Two types of evaluations
The ambulance corps evaluators received evaluation sheets while the overall operations evaluators were asked to write their own evaluations and to feel free to roam the scene as they wished to make better judgments.
Chief Little’s photographer took pictures for the evaluators to study, while Don Schmitt, training coordinator of the ACCEHS, took pictures for the county organization.
At 2031 hours, Chairman Noel telephoned the Adams County Control Center to dispatch all county ambulances and designated fire equipment to respond to a mock disaster—bomb explosion—at the administration building of the Lutheran Theoligical Seminary.
—Photos by Don Schmitt. Adams County. Pa., EMS Council
County control immediately dispatched all county ambulances and Company 1 of the Gettysburg Fire Department.
At 2033, the dispatcher called by radio for a second dispatcher to report to the control center.
Company 1 responded with Chief Gerald White, 1st Assistant Chief Robert Plank, two engines, a ladder truck, a rescue truck and two ambulances, arriving on the scene at 2035. Engine 11 laid a 2 1/2-inch supply to the scene. After a quick size-up, White set up his command post at Engine 11 and requested control to dispatch Company 2, Fairfield, with an engine and rescue, and Company 4, Cashtown, to respond with an engine.
At 2039, Carroll County Company 5, Taneytown, was requested to send one ambulance to stand by at the Littlestown engine house and Cumberland County Company 36, Mount Holly Springs, was asked to send one ambulance to stand by at the York Springs engine house. It might be noted that 11 of the county’s 13 ambulances and the Emmitsburg ambulance from Frederick County, Md., responded to the scene. It was necessary to have backup ambulances available for calls in the participating companies’ territories.
At 2042, White alerted Warner Hospital to be prepared for approximately 45 victims. The hospital immediately called all personnel to report to the hospital and set up procedures to handle the victims. In an actual emergency of this type, victims would also be taken to neighboring hospitals and physicians would be sent to the scene.
Lighting plants requested
At 2047, White requested lighting plants from Company 7, Bendersville; Company 19, Bonneauville; Company 17, McSherrystown; and a rescue unit from Company 13, New Oxford. He also asked for Company 6, Biglerville, to send an engine to stand by at the Company 1 station. White also requested assistance from local fire police as well as the Gettysburg Police Department to assist with traffic control.
At 2053 hours, Gettysburg ambulance 1A made the initial transport to the hospital.
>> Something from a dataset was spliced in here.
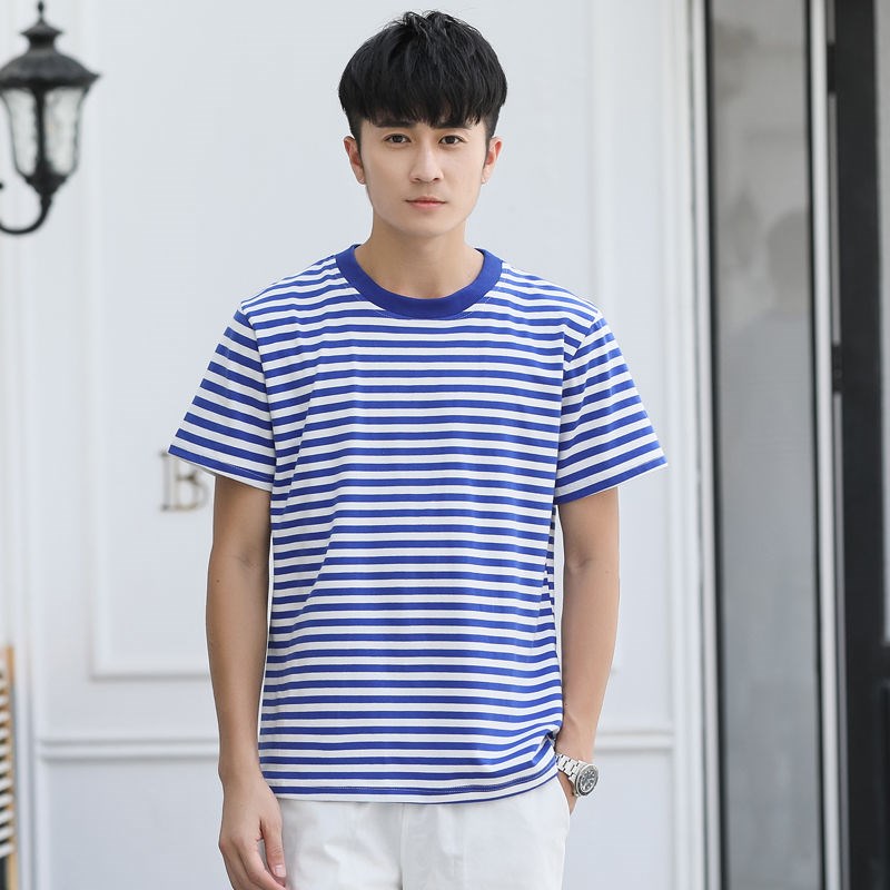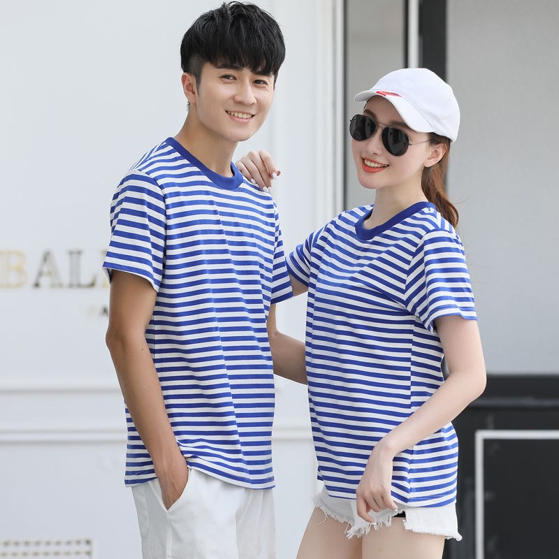 定制 纯棉圆领t恤蓝白条纹幼儿园儿童演出班服大码 梅花海魂衫 短袖

At 2054, the civil defense director arrived on the scene and immediately contacted the state civil defense in Harrisburg and told of the progress of the drill.
All victims removed
At 2202, White began to release units from the scene as all victims were determined to have been found and taken to the hospital.
At 2215, the evaluators met with the committee and were asked to send the evaluations to Ken Miller of the York Springs Fire Company, vice president of the Adams County Ambulance Association.
The evaluation committee decided to turn the ambulance evaluations over to each head of each ambulance corps. By doing this, the corps chief could see where his corps needed more training.
A seminar with slides and talks by the evaluators was planned for a session with the county association at a later date. Among the problems we found, besides basic fireground errors, was lack of control of the number of units on the air—units cutting each other out and some units without a secondary radio frequency.
All ambulances had direct communications with the hospital, thus often causing confusion when more than one was trying to transmit to the hospital.
A unit which was not alerted but possibly could have been, especially if another bomb was expected, was the special explosive detachment from the Letterkenny Army Depot in Chambersburg.
The Adams County Ambulance Association hopes to again have another mock disaster in 1977, probably different in type, but with the same objective—to better prepare for the real thing.